11.  I at least feel a bit closer this month to Mom – whose favorite soap opera, All My Children, is ending on the 23rd – since it’s reportedly going out sci-fi style, with a plot reuniting over a dozen resurrected characters via some experiment called the Orpheus Project.  That might be the most sci-fi thing I’ve heard outta daytime TV since the guy who played Baltar on the original Battlestar Galactica tried to use a freeze ray against Port Charles on General Hospital.  Never forget.


Franklin said...

One thing about the preview pages of the new Action No. 1, I did find it funny that Superman was punishing the "evil capitalist" for basically improving the livelihood of illegal aliens when Superman is himself an illegal alien.

Todd Seavey said...

Oh, I'm sure Morrison's leftist economics is of the incoherent sort that says it's evil to keep out immigrants who can improve their lives by coming here _and_ they will worsen their lives horribly by coming here. I've seen that mix of views even in a very smart woman who has published ten books.
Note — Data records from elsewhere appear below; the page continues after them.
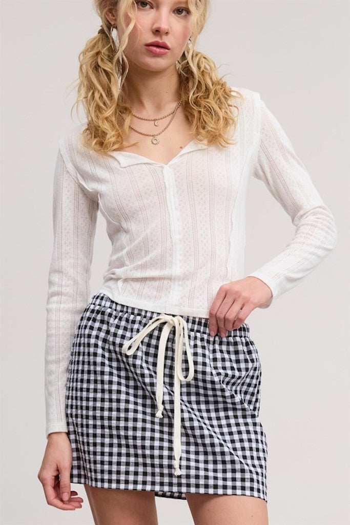 The Zola Gingham Mini Skirt combines classic gingham style with everyday comfort. Its elasticized waistband and front drawstring allow for a customizable fit, while the straight silhouette offers a flattering shape. Made from a breathable blend of 70% polyester and 30% cotton, this unlined skirt keeps you cool and comfortable all day long. Perfect for effortless, chic looks that move with you.
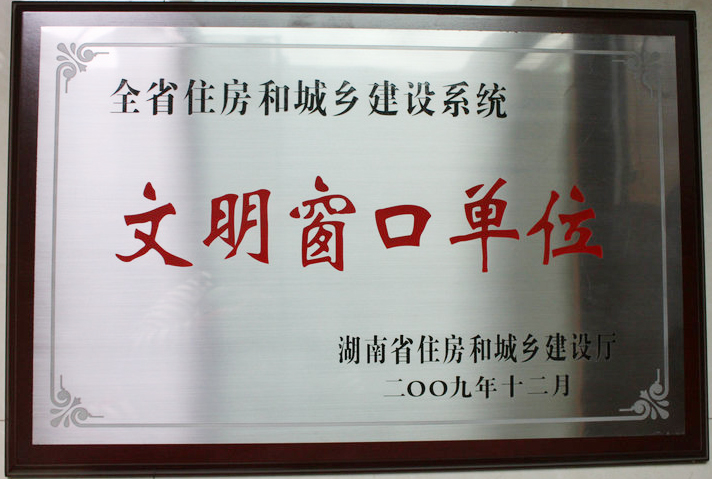 • 2009年12月被湖南省住房和城鄉建設廳評為“全省住房和城鄉建設系統文明窗口單位”
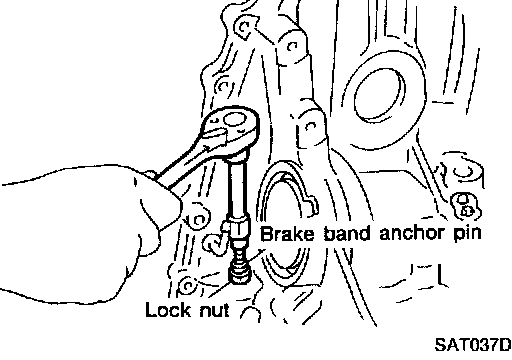 a. Loosen lock nut, then back off band servo anchor end pin.

It might well be shared by the ranting fashion-industry Brit who harangued me about healthcare and how difficult life for her as someone who runs a business here would be without big government to restrain evil businessmen, all the way from Brooklyn to Midtown Manhattan last night (after a party where, coincidentally, I spoke to the Dean Haspiel mentioned above -- but I honestly plugged his anti-Cuban-revolution graphic novel without knowing we'd socially overlap).